What the exercise asks: Going line by line through the records below, write out everything starting with the line containing "Product Story: Illinois" and going on through the line containing "Света, обалденные валеночки, каждая", exactly and inclusively. Pictures do not go in.

Given records:
=== Section Start ===

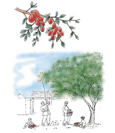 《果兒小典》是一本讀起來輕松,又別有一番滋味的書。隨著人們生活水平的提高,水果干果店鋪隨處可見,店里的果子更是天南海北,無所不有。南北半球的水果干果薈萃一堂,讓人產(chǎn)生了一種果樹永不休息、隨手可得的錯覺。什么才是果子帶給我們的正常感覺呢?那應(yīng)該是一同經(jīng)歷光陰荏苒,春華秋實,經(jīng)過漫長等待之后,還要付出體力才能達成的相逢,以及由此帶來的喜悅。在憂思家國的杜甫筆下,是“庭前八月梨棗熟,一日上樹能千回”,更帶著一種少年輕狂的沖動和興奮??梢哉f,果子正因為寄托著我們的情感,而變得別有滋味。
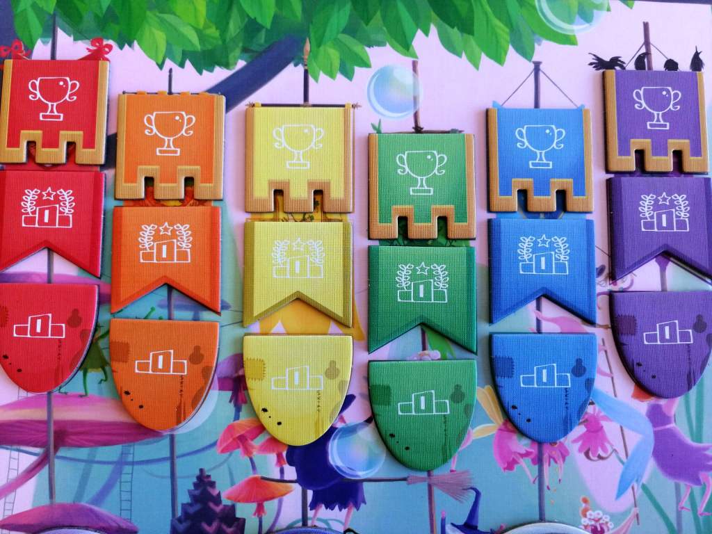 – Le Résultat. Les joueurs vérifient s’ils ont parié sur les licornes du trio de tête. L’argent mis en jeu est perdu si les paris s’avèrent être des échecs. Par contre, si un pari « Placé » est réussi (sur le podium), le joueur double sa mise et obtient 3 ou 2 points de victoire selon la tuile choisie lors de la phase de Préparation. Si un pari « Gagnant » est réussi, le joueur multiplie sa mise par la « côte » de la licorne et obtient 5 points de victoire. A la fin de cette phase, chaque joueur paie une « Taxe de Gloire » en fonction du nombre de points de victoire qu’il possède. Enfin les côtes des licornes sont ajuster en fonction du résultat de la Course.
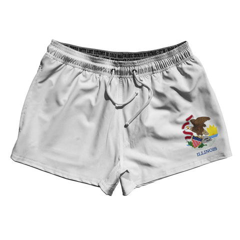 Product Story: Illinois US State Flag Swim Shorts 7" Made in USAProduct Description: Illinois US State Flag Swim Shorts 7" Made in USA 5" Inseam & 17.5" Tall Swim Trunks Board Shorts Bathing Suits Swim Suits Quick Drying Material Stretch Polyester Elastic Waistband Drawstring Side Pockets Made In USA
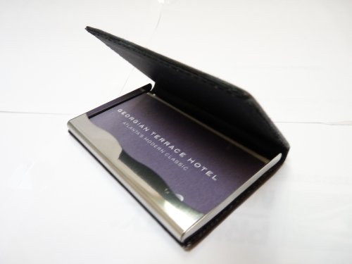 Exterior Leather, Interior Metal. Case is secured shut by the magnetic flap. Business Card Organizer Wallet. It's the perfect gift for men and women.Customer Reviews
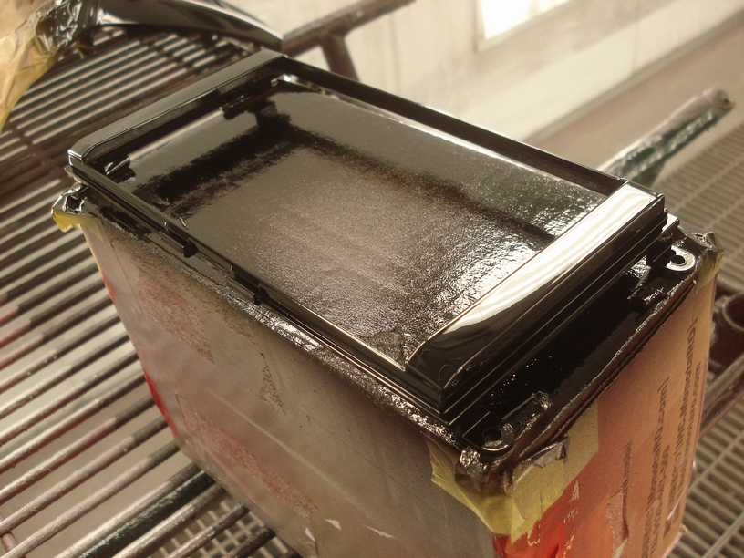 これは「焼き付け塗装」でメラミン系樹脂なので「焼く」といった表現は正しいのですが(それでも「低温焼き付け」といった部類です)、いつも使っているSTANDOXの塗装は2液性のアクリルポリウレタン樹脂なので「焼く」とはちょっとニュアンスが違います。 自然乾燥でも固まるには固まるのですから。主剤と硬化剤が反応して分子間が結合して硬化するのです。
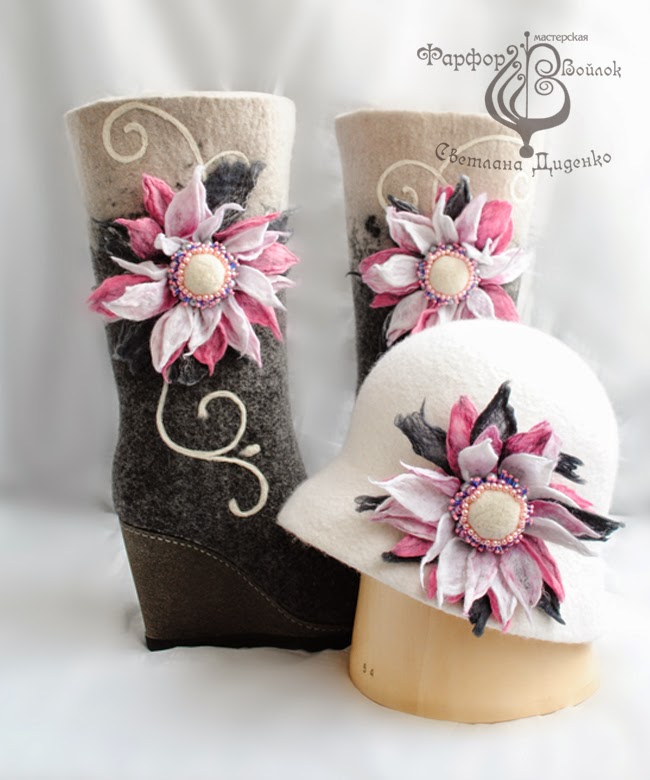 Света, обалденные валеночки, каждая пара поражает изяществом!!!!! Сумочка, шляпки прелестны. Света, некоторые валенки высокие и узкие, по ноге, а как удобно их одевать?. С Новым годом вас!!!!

=== Section End ===
=== Section Start ===

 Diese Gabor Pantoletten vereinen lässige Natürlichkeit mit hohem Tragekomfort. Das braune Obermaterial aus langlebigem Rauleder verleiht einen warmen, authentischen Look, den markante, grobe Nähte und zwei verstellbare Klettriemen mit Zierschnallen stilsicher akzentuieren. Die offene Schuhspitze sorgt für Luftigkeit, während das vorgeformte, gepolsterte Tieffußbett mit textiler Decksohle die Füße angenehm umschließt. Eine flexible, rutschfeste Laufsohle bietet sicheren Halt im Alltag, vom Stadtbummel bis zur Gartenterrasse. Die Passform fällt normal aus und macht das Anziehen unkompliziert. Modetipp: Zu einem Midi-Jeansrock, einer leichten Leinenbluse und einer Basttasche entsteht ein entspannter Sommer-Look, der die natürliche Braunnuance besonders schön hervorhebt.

=== Section End ===

Output of the task:
 Product Story: Illinois US State Flag Swim Shorts 7" Made in USAProduct Description: Illinois US State Flag Swim Shorts 7" Made in USA 5" Inseam & 17.5" Tall Swim Trunks Board Shorts Bathing Suits Swim Suits Quick Drying Material Stretch Polyester Elastic Waistband Drawstring Side Pockets Made In USA
 Exterior Leather, Interior Metal. Case is secured shut by the magnetic flap. Business Card Organizer Wallet. It's the perfect gift for men and women.Customer Reviews
 これは「焼き付け塗装」でメラミン系樹脂なので「焼く」といった表現は正しいのですが(それでも「低温焼き付け」といった部類です)、いつも使っているSTANDOXの塗装は2液性のアクリルポリウレタン樹脂なので「焼く」とはちょっとニュアンスが違います。 自然乾燥でも固まるには固まるのですから。主剤と硬化剤が反応して分子間が結合して硬化するのです。
 Света, обалденные валеночки, каждая пара поражает изяществом!!!!! Сумочка, шляпки прелестны. Света, некоторые валенки высокие и узкие, по ноге, а как удобно их одевать?. С Новым годом вас!!!!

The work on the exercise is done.